Martin Liška <marxin at gcc dot gnu.org> changed:

           What    |Removed                     |Added
----------------------------------------------------------------------------
             Status|UNCONFIRMED                 |RESOLVED
                 CC|                            |marxin at gcc dot gnu.org
         Resolution|---                         |INVALID

--- Comment #2 from Martin Liška <marxin at gcc dot gnu.org> ---
> The only difference is "-flto".

Having a top-level assembly requires to disable LTO for the compilation unit
(-fno-lto). Otherwise
as Andrew mentioned it can screw up LTO partitioning.

> 
> It this a problem of LTO, or is the assembler supposed to be tweaked (how?)
> so that the symbols get exported?
> 
> Having a file containing
>   asm ("");
> does compile, but a file containing only:
>   asm volatile ("");
> fails with "error: expected ‘(’ before ‘volatile’".

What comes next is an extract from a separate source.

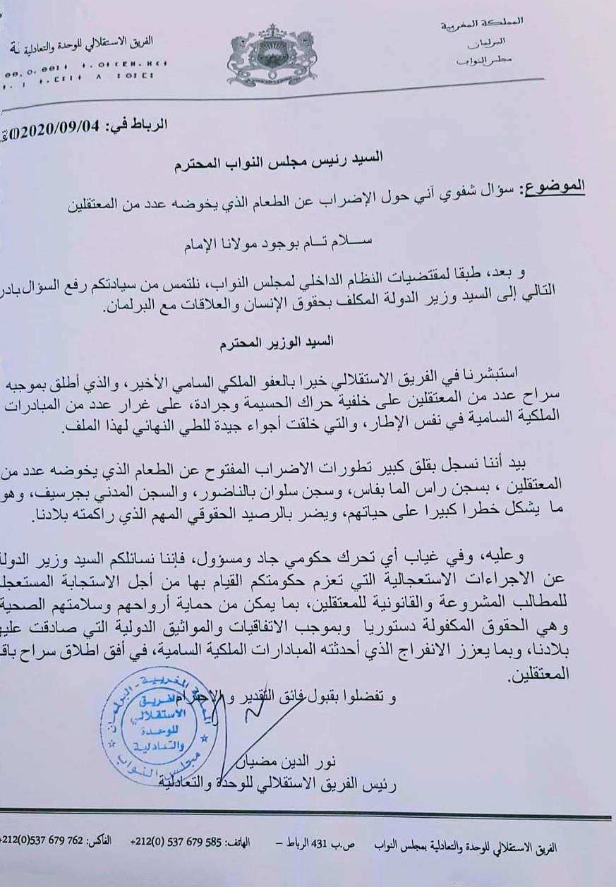 وشدد الفريق الاستقلالي على أنه: "في غياب أي تحرك حكومي جاد ومسؤول، فإننا نسائلكم السيد وزير الدولة عن الإجراءات الاستعجالية التي تعتزم حكومتكم القيام بها من أجل الاستجابة المستعجلة للمطالب المشروعة والقانونية للمعتقلين، بما يمكن من حماية أرواحهم وسلامتهم الصحية، وهي الحقوق المكفولة دستوريا، وبموجب الاتفاقيات والمواثيق الدولية التي صادقت عليها بلادنا، وبما يعزز الانفراج الذي أحدثته المبادرات الملكية السامية، في أفق إطلاق سراح باقي المعتقلين".

asm volatile can be used just within in a function body.
The best approach you can do is to define a normal function
and use asm to implement what you have written in assembly:

...
"        movq   %rax,   0(%rdi)"   "\n"
"        movq   %rbx,   8(%rdi)"   "\n"
"        movq   %rcx,  16(%rdi)"   "\n"
...

Then LTO will work because the assembly will be encapsulated in a function.

> 
> Happens with gcc 8.0.1 20180306 (experimental).